И где там про то, что если хочется снести DNS у интерфейса то в SetLinkDNS надо отправить нуль?

А тебе обязательно нужна пошаговая инструкция для дебилов? Это документация на DBus API. Документация на синтаксис busctl в другом месте.

https://www.freedesktop.org/wiki/Software/systemd/resolved/:

The SetLinkDNS() method sets the DNS servers to use on a specific interface. <…> It takes a network interface index as well as an array of DNS server IP address records

https://www.freedesktop.org/software/systemd/man/busctl.html#Parameter%20Formatting:

For arrays, a numeric argument for the number of entries followed by the entries shall be specified.

Два и два предлагается сложить самому.

зачем тогда эта прослойка в виде декларативщины, если всё равно для любого шага в сторону от линии партии надо имеративщину писать?

Очевидно — чтобы её не приходилось писать, если шаг в сторону от линии партии не требуется.

И я не очень понимаю, на что конкретно ты сейчас жалуешься?
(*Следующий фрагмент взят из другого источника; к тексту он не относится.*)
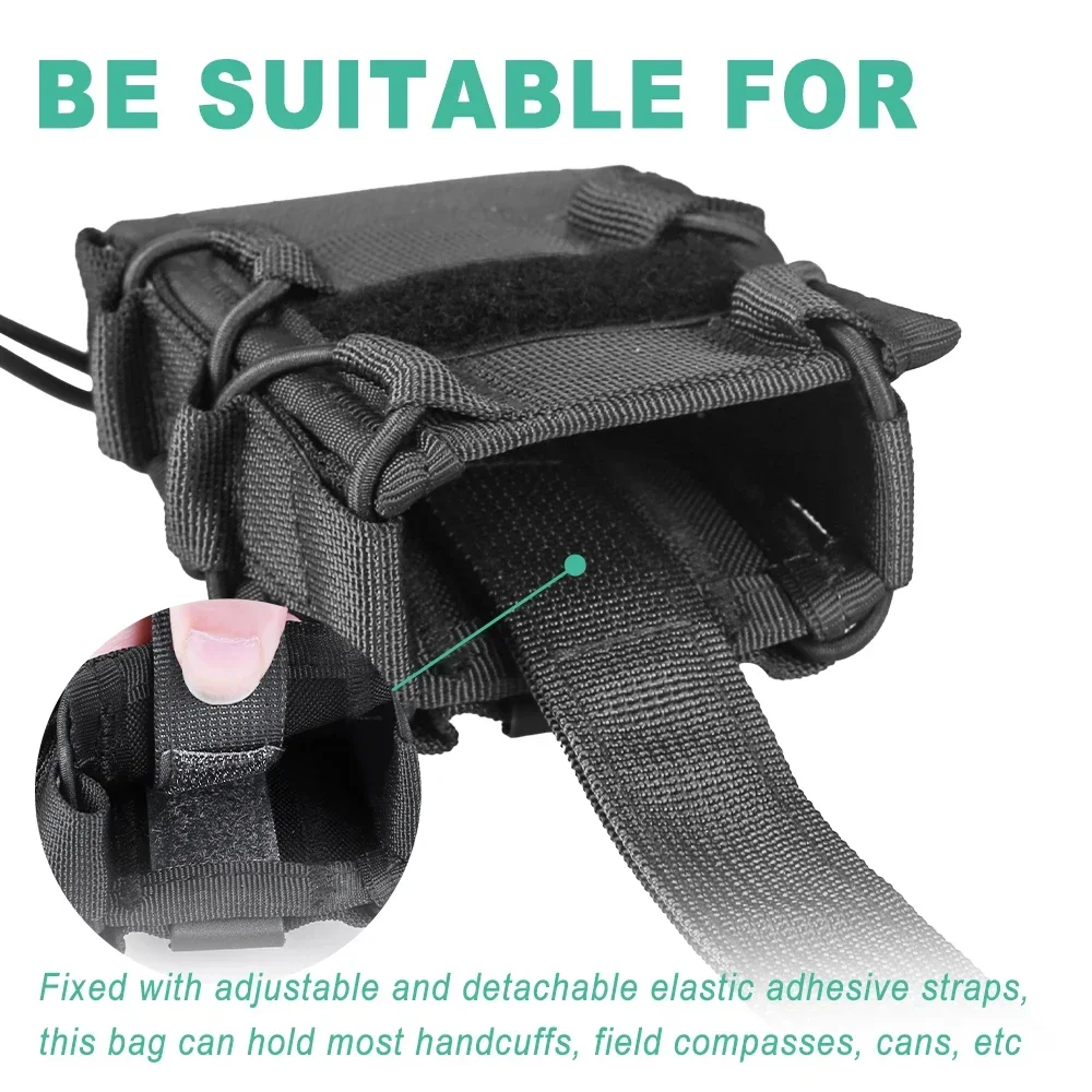 3. 【Diseño ajustable】 Hay una banda elástica ajustable en la parte posterior, que puede ajustar la longitud de la correa según sea necesario.Este diseño hace que la bolsa para esposas sea adecuada tanto para chalecos tácticos como para la mayoría de los cinturones.

Если ты настраиваешь сеть руками, тебе в любом случае нужно куда-то эти DNS-сервера положить: либо в resolv.conf, либо в дбас.

и хомячкам скоро понадобится чтобы DNS запросы не утекали

В чётвёртый раз: хомячку с его VPN автоматически прилетит push "dhcp-option DOMAIN .", а если нет, то хомячку достаточно нажать «Do not use DNS servers from this connection» в нужном окне.